Heavy-light Decomposition, Persistent data structures
You are given a tree of N vertices. Each vertex is initialized to value 0. Further you are given 3 kinds of operations:
c X Y A B - the “Change” operation: Along the path from X to Y increment the values by A, A+B, A+2B, etc.
q X Y - the “Query” operation: Find the sum of values along the path from X to Y
l X - the “Rollback” operation: Return the tree to the state it was after the X’th Change query.
The input is given in a manner that we require an online solution for the problem (for exact details, refer to original problem statement).
Note: The solution describes using segment trees, heavy light decomposition, and persistence over a tree. To avoid confusion in terminology, “node” refers to the data structure component (segment tree or persistence), whereas “vertex” refers to the vertex of the Tree given in the Problem.
We develop the solution by analyzing the problem under various special cases, as follows:
- The Tree is a chain, there are no rollback queries
- You have a chain, but there are rollback queries
- You have a tree, there are no rollback queries
- Overall solution.
Tree is a chain, there are no rollbacks
Here, we have a segment - lets use a segment tree. Now, we wish to update the values of vertices from X to Y. Suppose we have two such operations on the same vertices: X Y A B followed by X Y C D. Then the values will be (going along the path from X to Y)

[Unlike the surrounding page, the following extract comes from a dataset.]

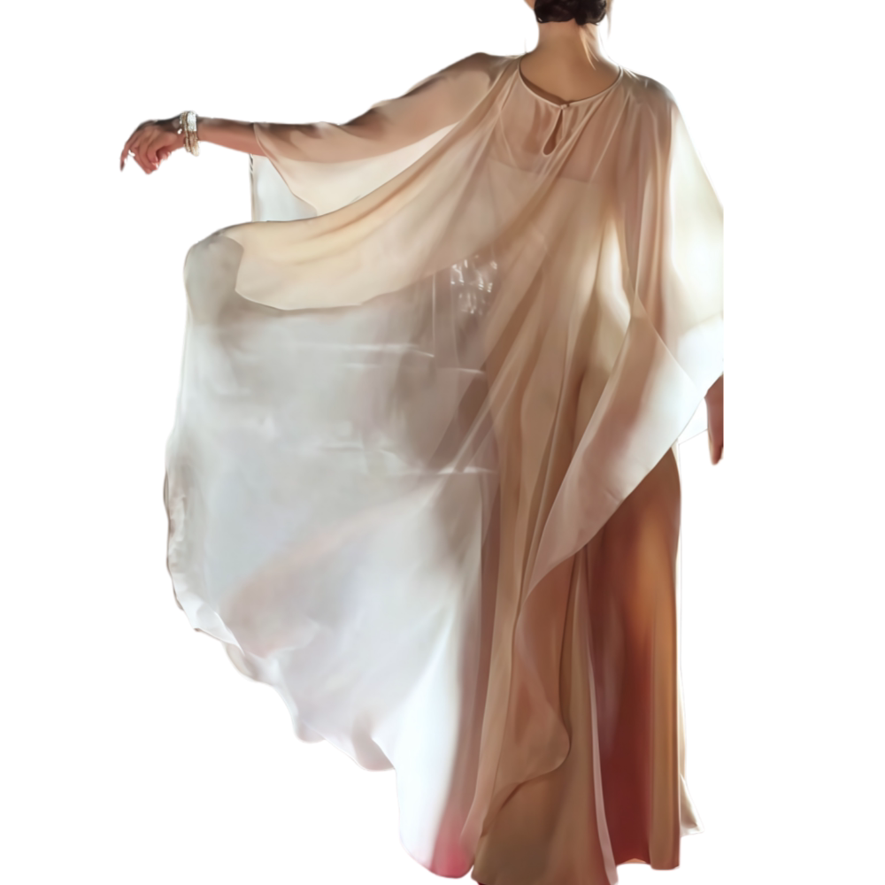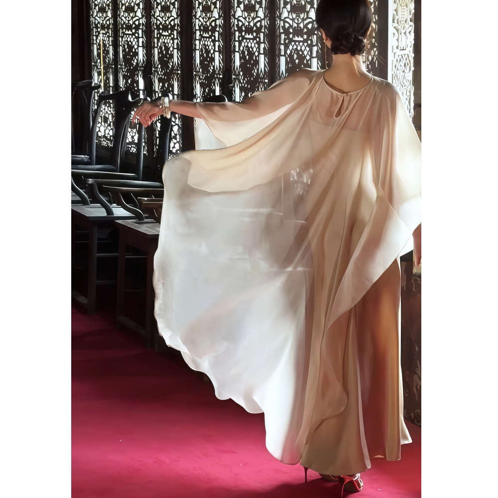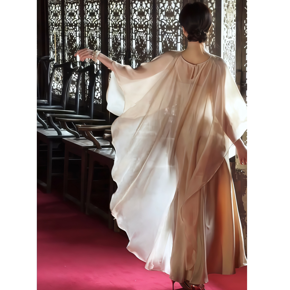 2026年禅意风披肩式 连衣裙女香槟色长裙简约轻奢清冷感仙女裙 长款

after the first operation, and
A + C
A+B + C+D
A+2B + C+2D
after the second operation.
Clearly, this is equivalent to the single operation X Y A+C B+D.
Thus, let us store in our segment tree the pairs (A,B) associated with the operation. Now, when we get to a segtree-node which is completely contained in our X-Y path, we just update the A, B value of that node.

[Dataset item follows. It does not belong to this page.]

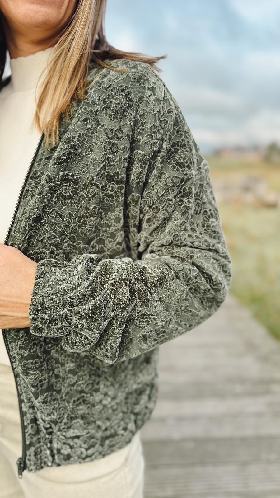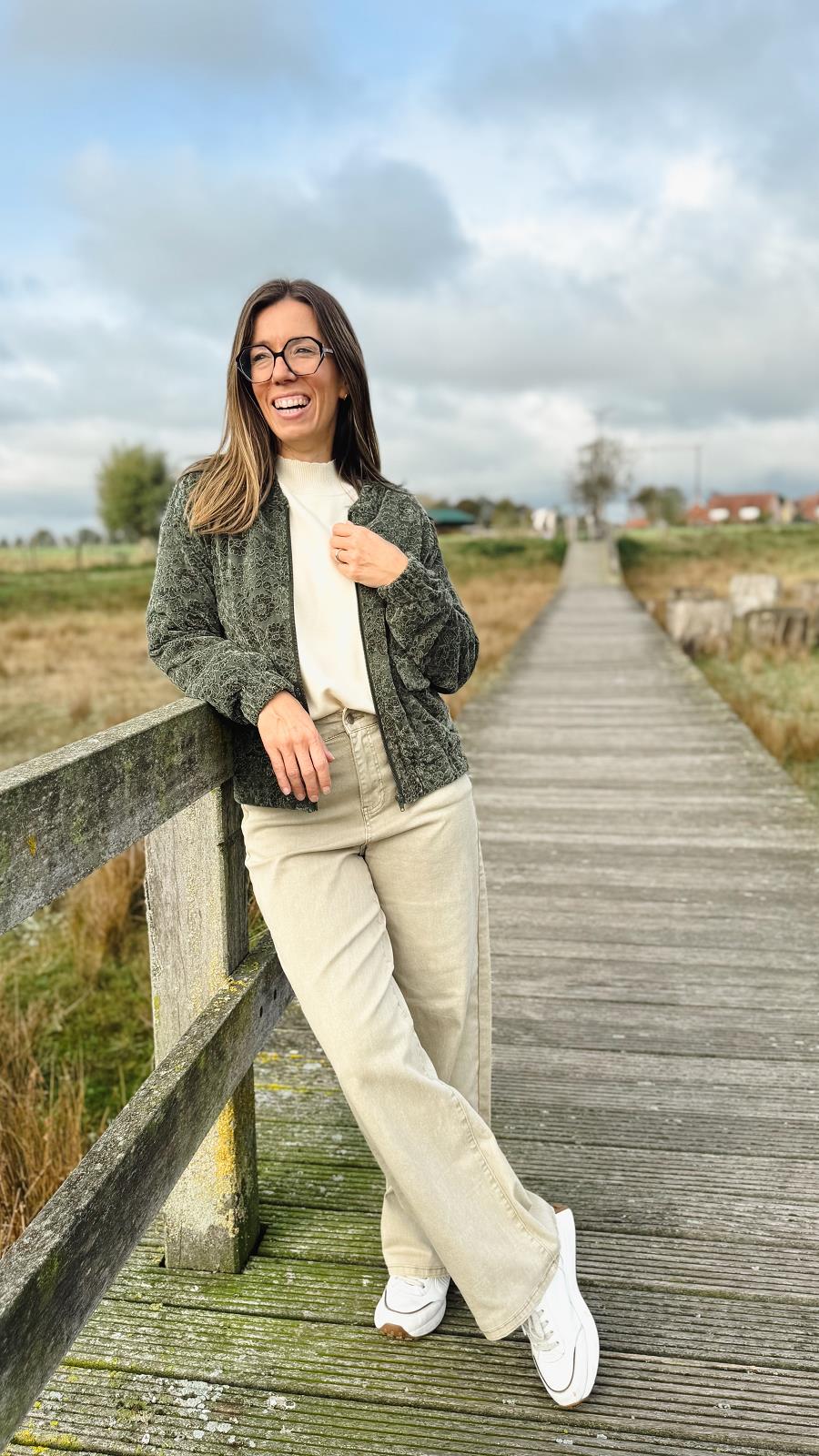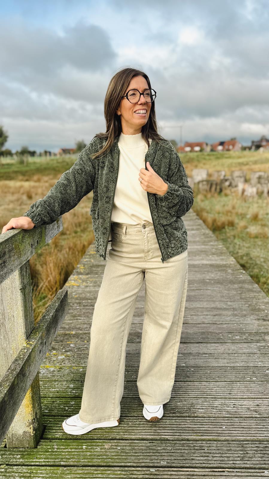 - Wam kaki kleur met opgenaaide broderie in een bloemenmotief.

Further, while querying, we would like to return an answer when our query-node is completely contained in our required segment. Thus, we also need to store a field “sum” in our segtree which basically stores the sum of the left subtree + right subtree.
Pseudocode for this is as follows:
update(node cur, //current node in segtree we wish to update int X, //X-val of update-segment wrt current node int Y, //Y-val of update-segment wrt current node int A, //A-val of operation int B) //B-val of operation if(cur.left == X && cur.right == Y) cur.A += A, cur.B += B; return; mid = (cur.left + cur.right)/2; if(X <= min(Y, mid)) update(ret.left, X, min(Y, mid), A, B) if(max(X, mid+1) <= Y) update(ret.right, max(X, mid+1), Y, A + max(0, mid-X+1) * B, B); cur.sum = findSum(cur.left) + findSum(cur.right); findSum(node cur) n = cur.right - cur.left + 1; //#elements in node a = cur.A; b = cur.B; return cur.sum + calc(a, b, n); calc(a, b, n) //returns sum of a, a+b, a+2b, a+(n-1)b return (n * (2 * a + (n-1) * b))/2; query(node cur, int X, int Y, int accumA, int accumB) // similar to update: here accumA and accumB store the sum of A-values and B-values along the path from root to the node, as this is required in finding the overall value of a node at a depth. if(cur.left == X && cur.right == Y) return cur.sum + calc(accumA, accumB, (Y-X)+1); ret = 0 mid = (X+Y)/2; if (X <= min(mid, Y)) ret += query(cur.left, X, min(Y, mid), accumA+cur.left.A, accumB + cur.left.B) if (max(mid+1, X) <= Y) ret += query(cur.right, max(mid+1, X), Y, accumA + cur.right.A + accumB * (size-of-left-subtree), accumB + cur.right.B) return ret;
This can be found in Setter’s Solution (lines 24 - 54), if you ignore the persistence that is introduced in the modify() function.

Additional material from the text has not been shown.